» **RECORDS SHOWN**
::::::
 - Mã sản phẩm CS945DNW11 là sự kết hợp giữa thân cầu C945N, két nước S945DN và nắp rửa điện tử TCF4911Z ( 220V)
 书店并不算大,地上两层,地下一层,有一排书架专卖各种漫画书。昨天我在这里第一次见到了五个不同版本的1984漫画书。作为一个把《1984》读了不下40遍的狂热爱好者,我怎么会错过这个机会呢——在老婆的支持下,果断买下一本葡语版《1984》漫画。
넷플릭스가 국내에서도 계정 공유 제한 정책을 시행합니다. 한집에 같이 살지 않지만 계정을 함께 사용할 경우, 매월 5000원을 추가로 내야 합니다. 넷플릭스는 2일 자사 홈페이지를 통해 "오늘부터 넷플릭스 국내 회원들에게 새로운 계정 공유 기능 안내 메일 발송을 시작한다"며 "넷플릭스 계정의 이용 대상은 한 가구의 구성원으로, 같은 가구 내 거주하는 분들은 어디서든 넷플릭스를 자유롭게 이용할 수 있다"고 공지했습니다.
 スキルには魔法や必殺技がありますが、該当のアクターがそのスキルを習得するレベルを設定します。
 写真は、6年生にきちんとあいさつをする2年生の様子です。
::::::
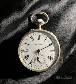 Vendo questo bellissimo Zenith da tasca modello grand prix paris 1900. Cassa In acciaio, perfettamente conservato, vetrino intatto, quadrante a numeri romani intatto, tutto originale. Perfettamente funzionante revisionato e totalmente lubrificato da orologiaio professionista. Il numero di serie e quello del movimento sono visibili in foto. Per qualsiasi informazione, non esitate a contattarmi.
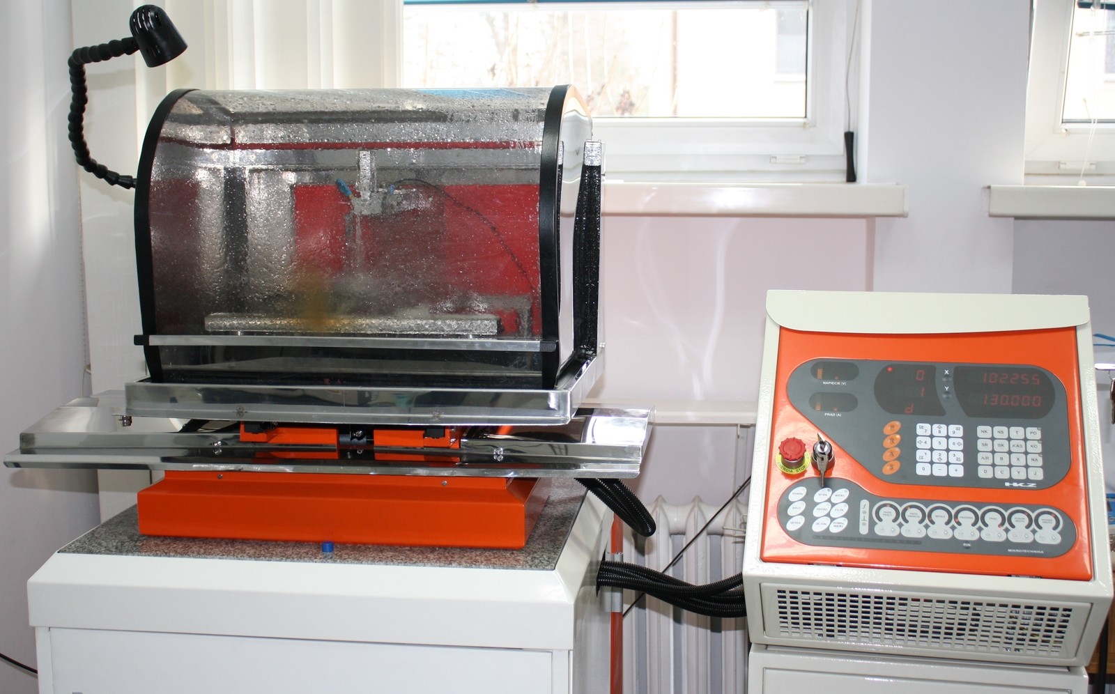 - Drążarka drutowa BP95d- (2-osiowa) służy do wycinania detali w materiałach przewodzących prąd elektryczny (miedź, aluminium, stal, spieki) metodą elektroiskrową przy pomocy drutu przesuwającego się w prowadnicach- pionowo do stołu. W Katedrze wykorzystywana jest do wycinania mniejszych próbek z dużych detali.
::::::
» **TASK REQUIREMENTS**
Retype, in the same exact form, the lines of the material above from the line holding "- Mã sản phẩm" through the line holding "写真は、6年生にきちんとあいさつをする2年生の様子です。".

» **SOLVED EXERCISE**
 - Mã sản phẩm CS945DNW11 là sự kết hợp giữa thân cầu C945N, két nước S945DN và nắp rửa điện tử TCF4911Z ( 220V)
 书店并不算大,地上两层,地下一层,有一排书架专卖各种漫画书。昨天我在这里第一次见到了五个不同版本的1984漫画书。作为一个把《1984》读了不下40遍的狂热爱好者,我怎么会错过这个机会呢——在老婆的支持下,果断买下一本葡语版《1984》漫画。
넷플릭스가 국내에서도 계정 공유 제한 정책을 시행합니다. 한집에 같이 살지 않지만 계정을 함께 사용할 경우, 매월 5000원을 추가로 내야 합니다. 넷플릭스는 2일 자사 홈페이지를 통해 "오늘부터 넷플릭스 국내 회원들에게 새로운 계정 공유 기능 안내 메일 발송을 시작한다"며 "넷플릭스 계정의 이용 대상은 한 가구의 구성원으로, 같은 가구 내 거주하는 분들은 어디서든 넷플릭스를 자유롭게 이용할 수 있다"고 공지했습니다.
 スキルには魔法や必殺技がありますが、該当のアクターがそのスキルを習得するレベルを設定します。
 写真は、6年生にきちんとあいさつをする2年生の様子です。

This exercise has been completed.